**Instructions to follow**.
A faithful repeat of all the records, with no image kept, is the required answer.

**Task data**.
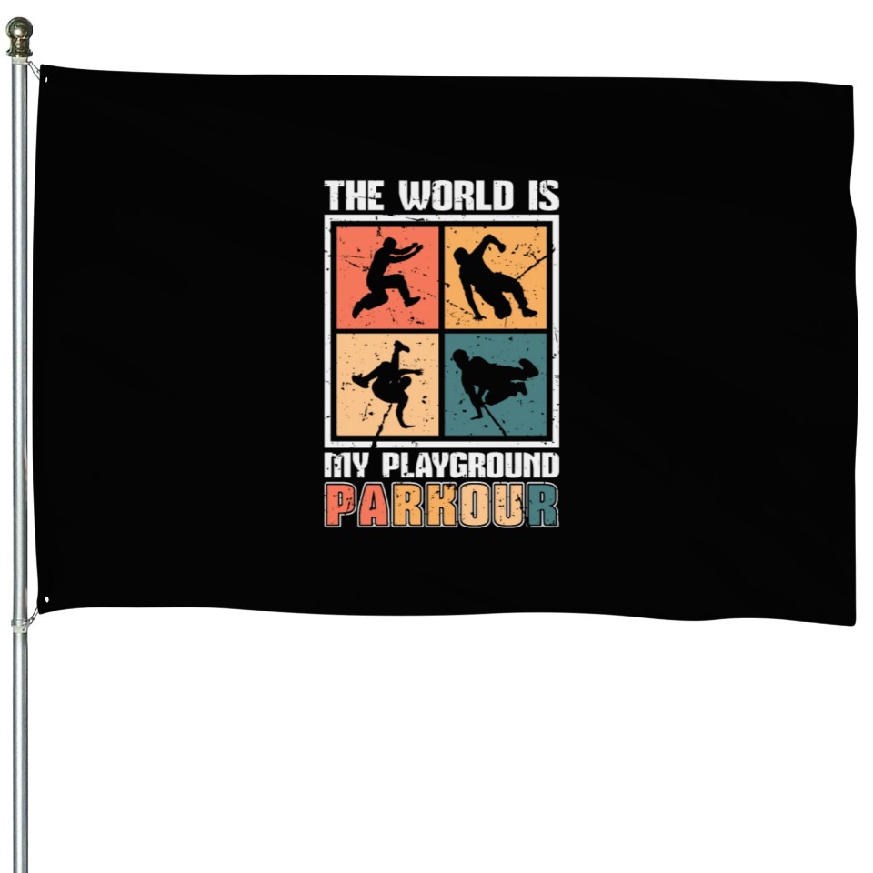 Buy stunning Parkour The World Is My Playground Retro Running House Flags or see more House Flags products at Printblur right now to receive many amazing discounts!
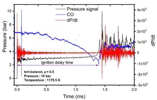 As the experimental time in shock-tube is limited to 2 ms a highly responsive technique such as TDLAS was applied in this study. A quantum cascade CO laser (QCL) working at wavenumber of 2059.91 cm−1 was used as an ignition marker in determining the onset of ignition which was not clearly identified from the pressure rise as seen in Figure 1.
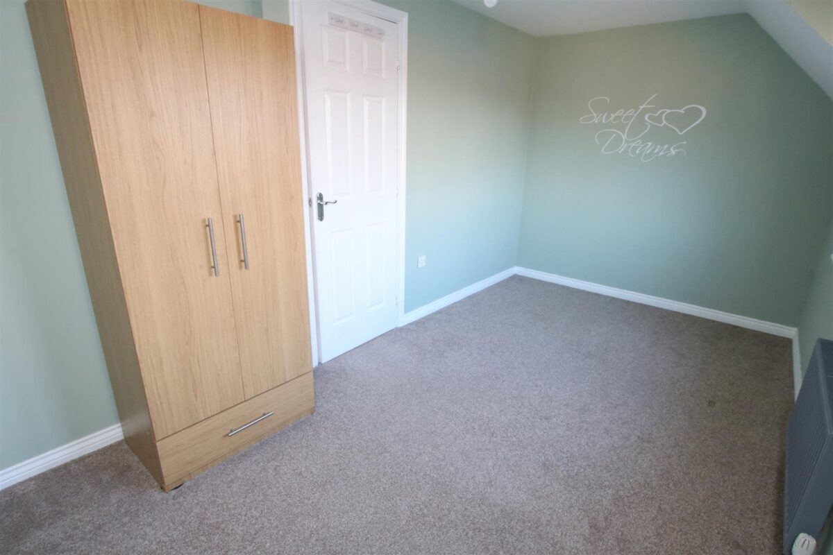 A good sized second double bedroom, there is a PVC double glazed window to the rear with fitted roller blinds, a beige coloured fitted carpet, a central heating radiator, a ceiling light and a double wardrobe.
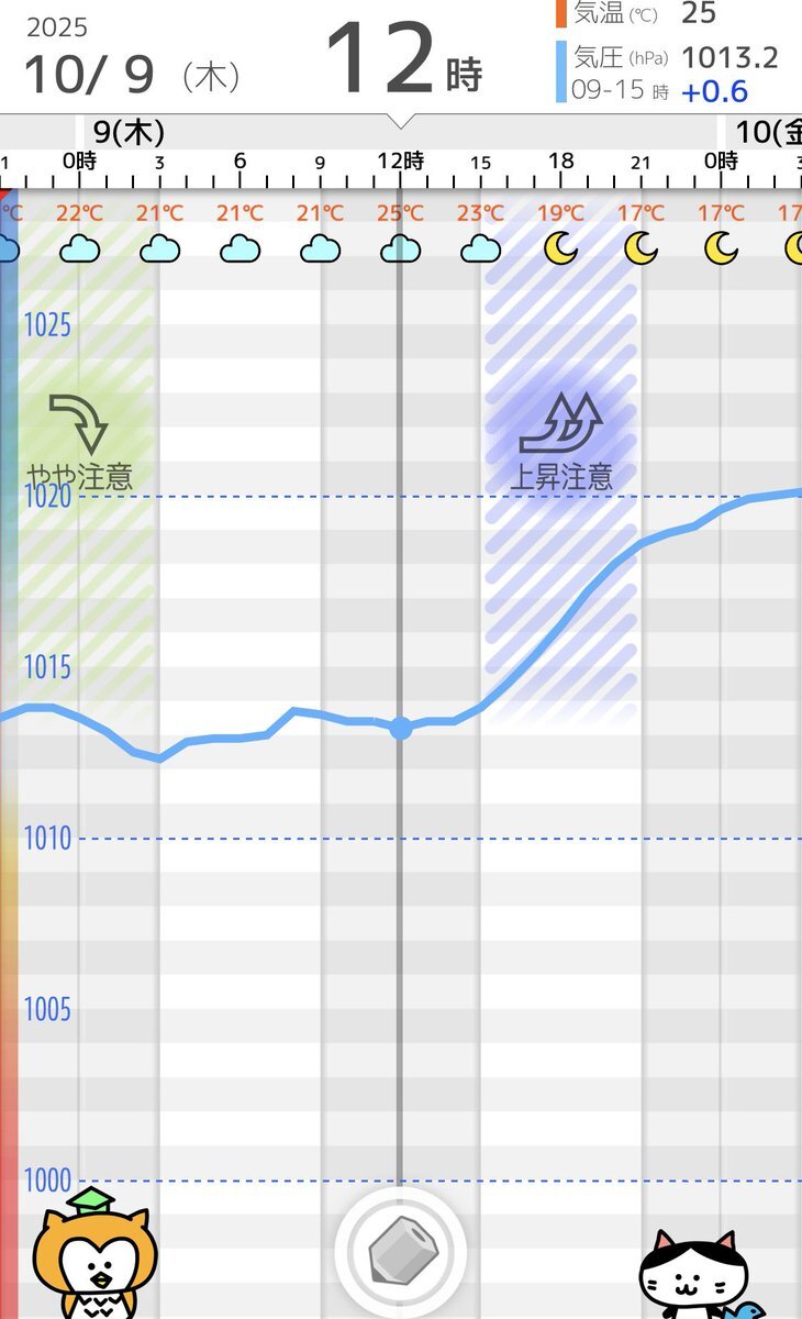 10/9(木)気象病予報 ⚠️気圧安定&寒暖差に注意 台風はまだ近くにありますが、明日は全国的に気圧が安定します。関東では気温が下がり、朝晩も20℃を切る予報です。一方でいまだに30℃を超え寒暖差が10℃以上開く地域もありますので、寝る格好や外出の服装に気をつけましょう。 #寒暖差疲労 pic.x.com/KuXS4o54os
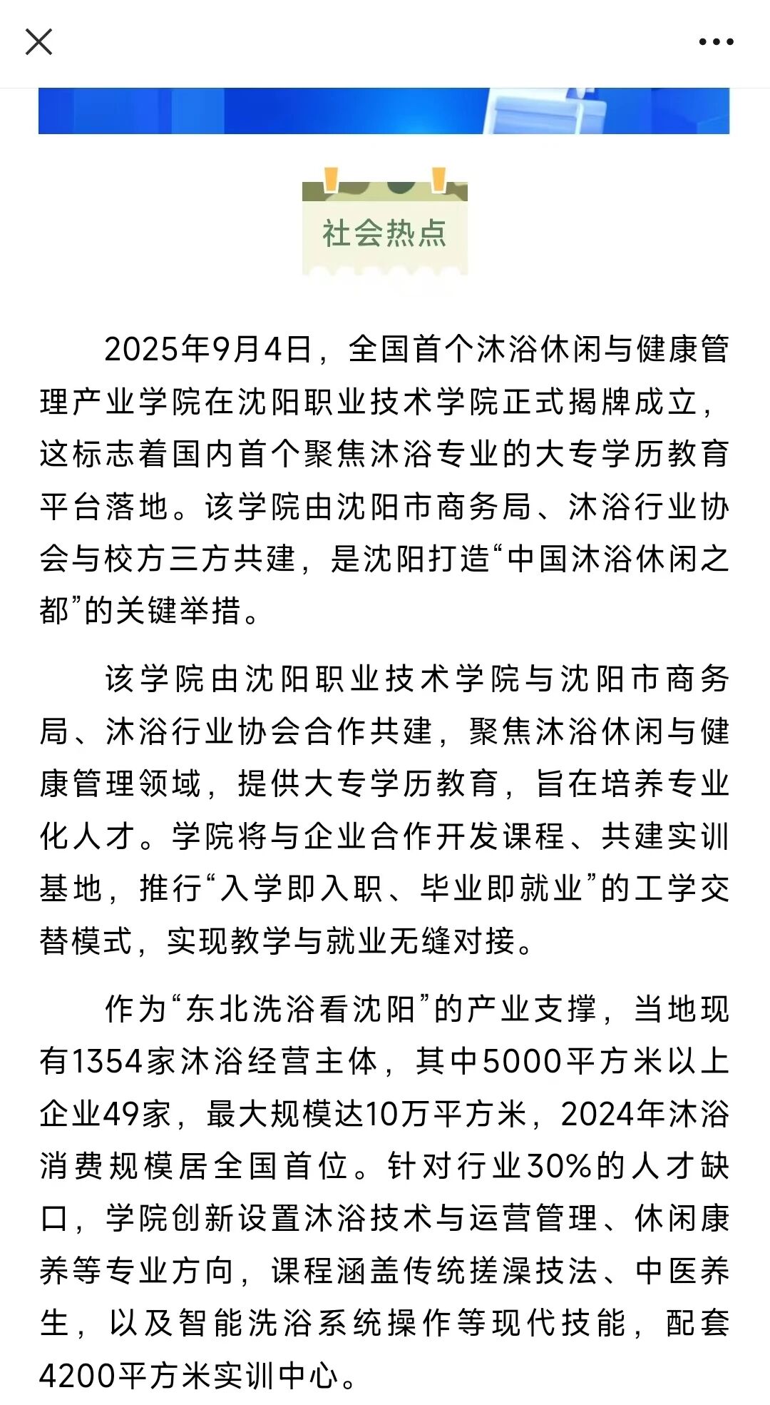 就在前几天,全国首个“沐浴休闲与健康管理产业学院”在沈阳职业技术学院正式揭牌成立!你没听错,洗澡、搓背、足疗、按摩……这些我们以为“街边小店”的手艺,现在要走进高校课堂了!
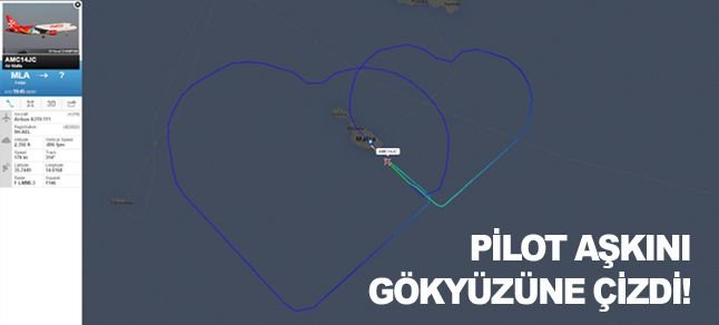 Sevgilisine evlenme teklif etmek isteyen Air Malta pilotu, şirketinden izin alarak A319 tipi yolcu uçağıyla sıra dışı bir uçuş yapmaya karar verdi. Malta’daki Luqa Havalimanı’ndan kalkış yaparak gökyüzünde kalp çizen çılgın pilot, sevgilisine evlenme teklifi etti.
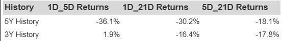 Additional data for observed 5-Day (5D) and 21-Day (21D) returns post earnings are summarized along with the statistics in the table below.

**Response**.
 Buy stunning Parkour The World Is My Playground Retro Running House Flags or see more House Flags products at Printblur right now to receive many amazing discounts!
 As the experimental time in shock-tube is limited to 2 ms a highly responsive technique such as TDLAS was applied in this study. A quantum cascade CO laser (QCL) working at wavenumber of 2059.91 cm−1 was used as an ignition marker in determining the onset of ignition which was not clearly identified from the pressure rise as seen in Figure 1.
 A good sized second double bedroom, there is a PVC double glazed window to the rear with fitted roller blinds, a beige coloured fitted carpet, a central heating radiator, a ceiling light and a double wardrobe.
 10/9(木)気象病予報 ⚠️気圧安定&寒暖差に注意 台風はまだ近くにありますが、明日は全国的に気圧が安定します。関東では気温が下がり、朝晩も20℃を切る予報です。一方でいまだに30℃を超え寒暖差が10℃以上開く地域もありますので、寝る格好や外出の服装に気をつけましょう。 #寒暖差疲労 pic.x.com/KuXS4o54os
 就在前几天,全国首个“沐浴休闲与健康管理产业学院”在沈阳职业技术学院正式揭牌成立!你没听错,洗澡、搓背、足疗、按摩……这些我们以为“街边小店”的手艺,现在要走进高校课堂了!
 Sevgilisine evlenme teklif etmek isteyen Air Malta pilotu, şirketinden izin alarak A319 tipi yolcu uçağıyla sıra dışı bir uçuş yapmaya karar verdi. Malta’daki Luqa Havalimanı’ndan kalkış yaparak gökyüzünde kalp çizen çılgın pilot, sevgilisine evlenme teklifi etti.
 Additional data for observed 5-Day (5D) and 21-Day (21D) returns post earnings are summarized along with the statistics in the table below.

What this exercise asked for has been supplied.